◆ Assignment ◆
From the first line to the last, retype everything below exactly, minus the pictures.

◆ Data provided ◆

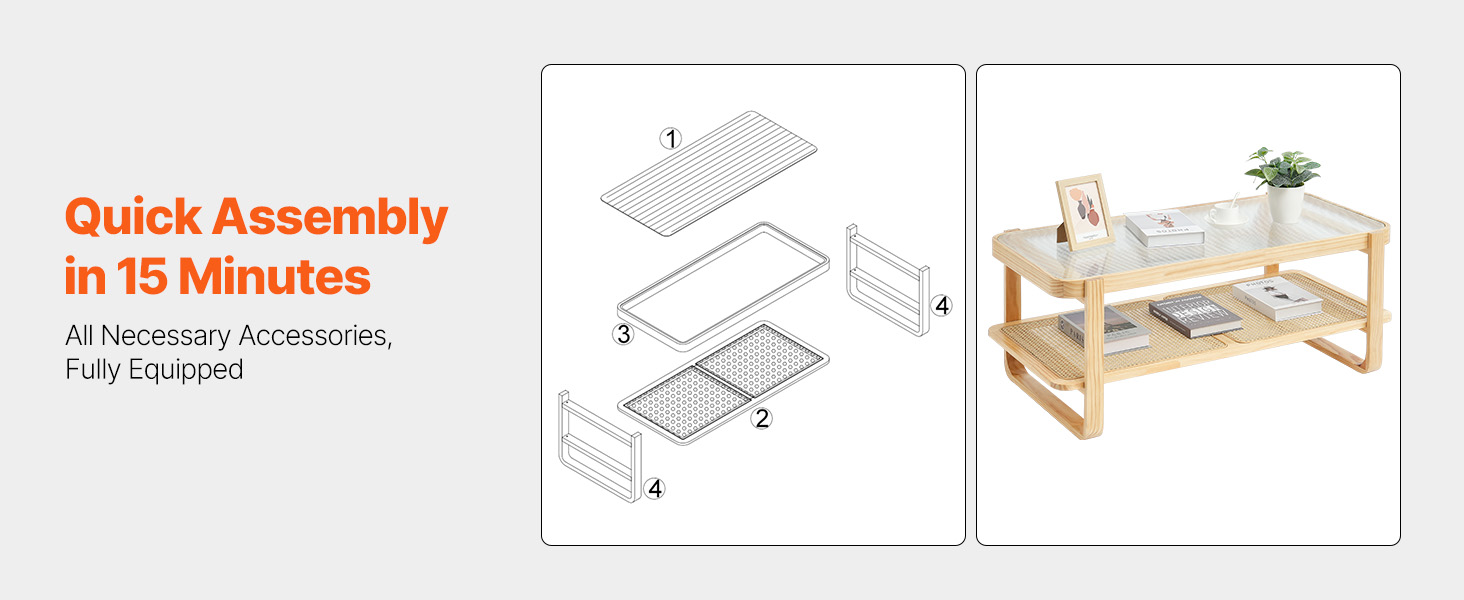 Easy Assembly and Cleaning: This wood coffee table has all the necessary accessories and detailed instructions, enabling quick assembly within 15 minutes. The removable glass top is easy to clean - wipe with a damp cloth.
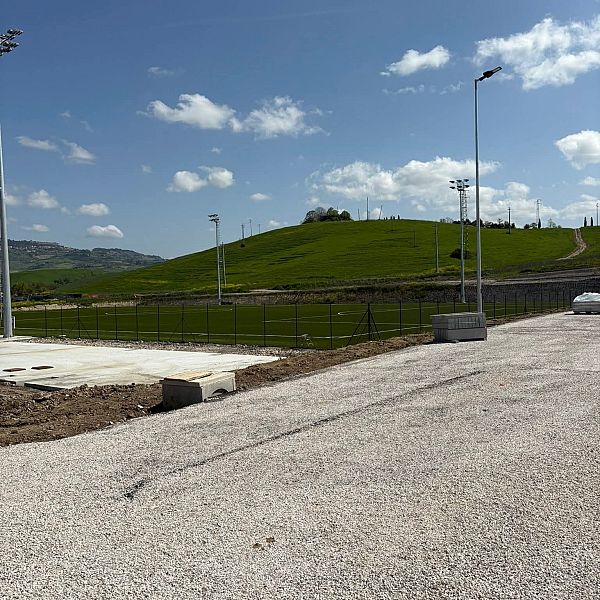 Il cantiere ha già visto l'installazione delle torri faro, che garantiranno l’illuminazione notturna del rettangolo di gioco, quella del manto erboso e la chiusura dei lavori relativi alla recinzione e alla realizzazione degli accessi necessari alla fruizione dell’area sportiva. La seconda tranche dei lavori riguarderà invece la costruzione degli spogliatoi, delle tribune dedicate al pubblico e dei locali tecnici necessari ad ospitare i servizi di bar e biglietteria, completando un impianto dal valore stategico per il mondo dello sport e per quello della socialità.
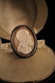 Gammel kamé vedhæng med herre portræt udskåret i Konkylie og indfattet i sølv.
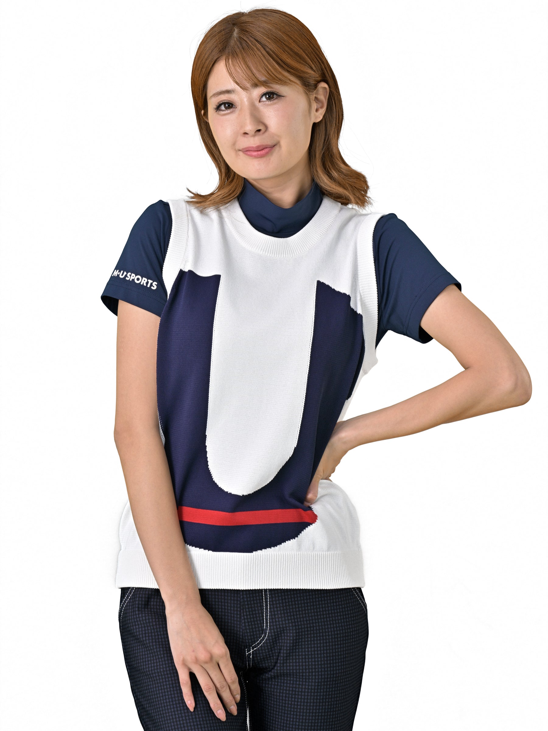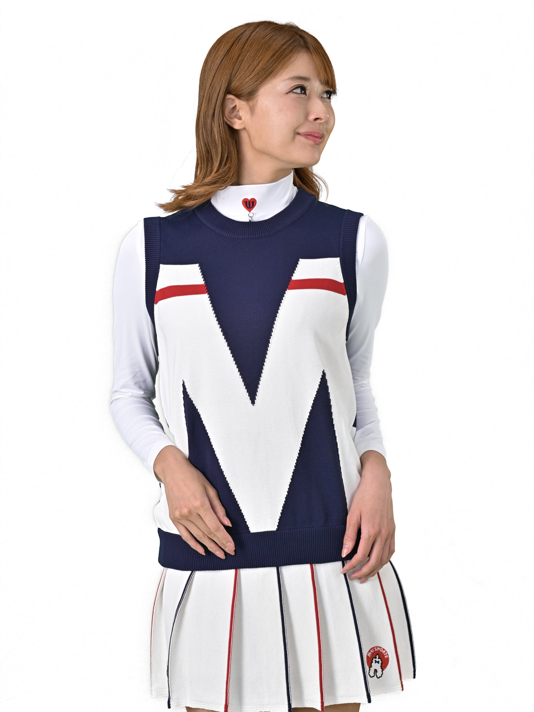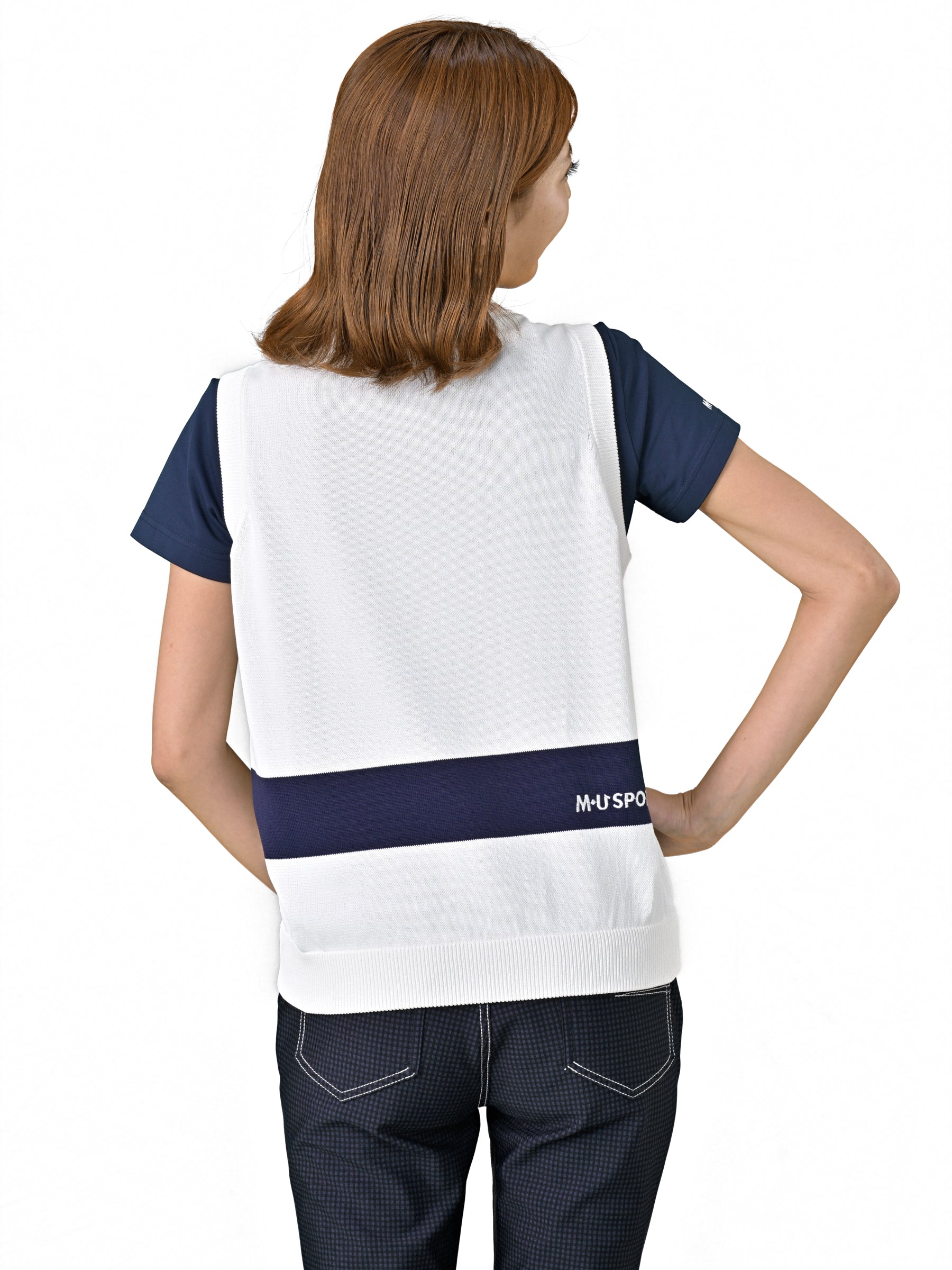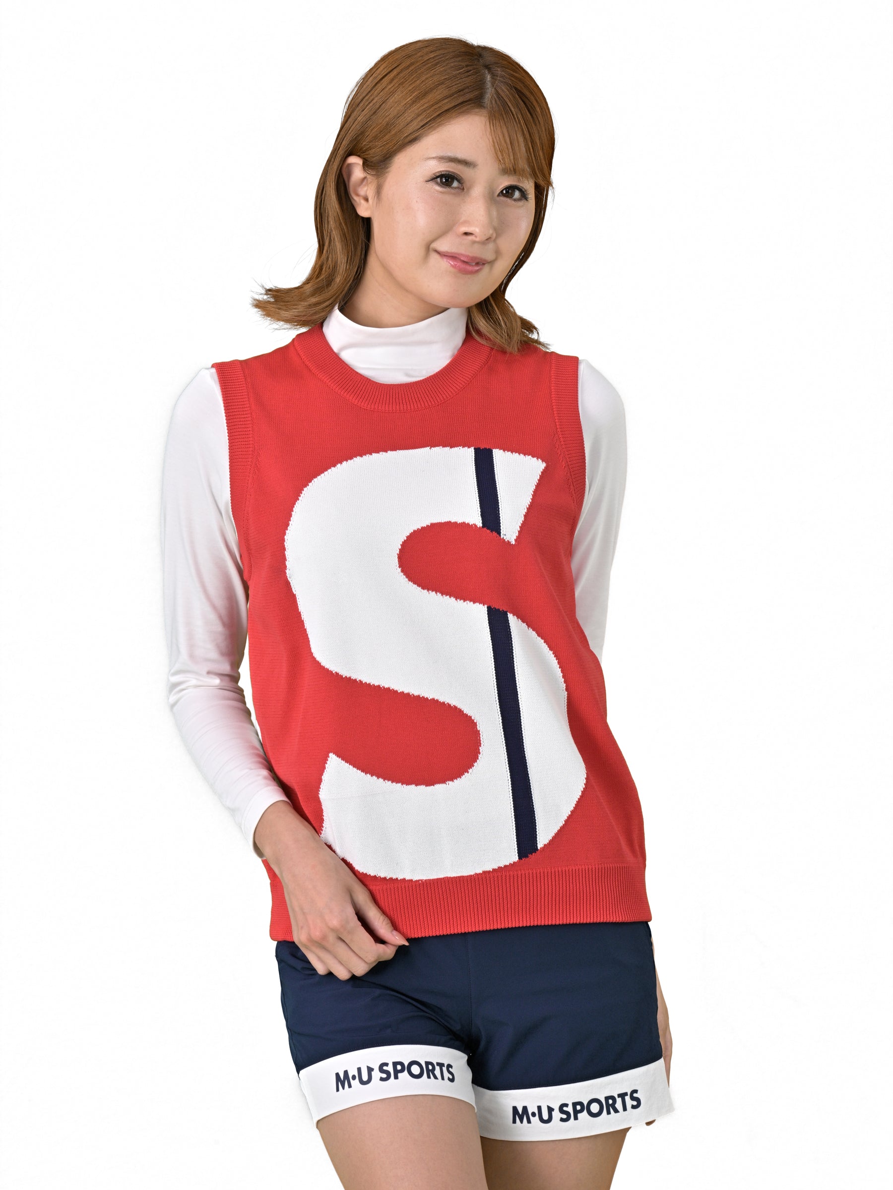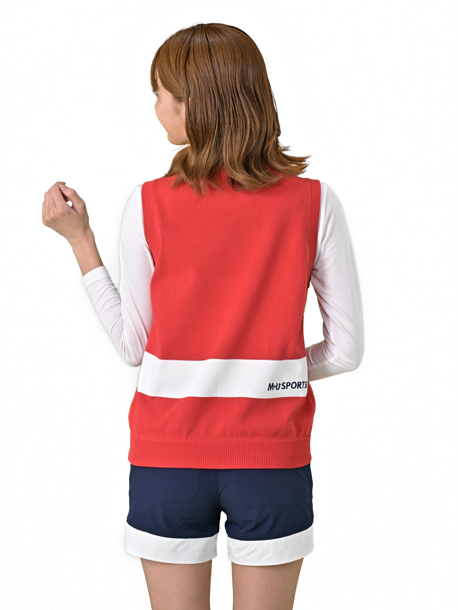 まるでコットンの様なタッチの特殊なポリエルテル糸を使用した大胆ロゴインターシャベスト。

◆ Result below ◆
 Easy Assembly and Cleaning: This wood coffee table has all the necessary accessories and detailed instructions, enabling quick assembly within 15 minutes. The removable glass top is easy to clean - wipe with a damp cloth.
 Il cantiere ha già visto l'installazione delle torri faro, che garantiranno l’illuminazione notturna del rettangolo di gioco, quella del manto erboso e la chiusura dei lavori relativi alla recinzione e alla realizzazione degli accessi necessari alla fruizione dell’area sportiva. La seconda tranche dei lavori riguarderà invece la costruzione degli spogliatoi, delle tribune dedicate al pubblico e dei locali tecnici necessari ad ospitare i servizi di bar e biglietteria, completando un impianto dal valore stategico per il mondo dello sport e per quello della socialità.
 Gammel kamé vedhæng med herre portræt udskåret i Konkylie og indfattet i sølv.
 まるでコットンの様なタッチの特殊なポリエルテル糸を使用した大胆ロゴインターシャベスト。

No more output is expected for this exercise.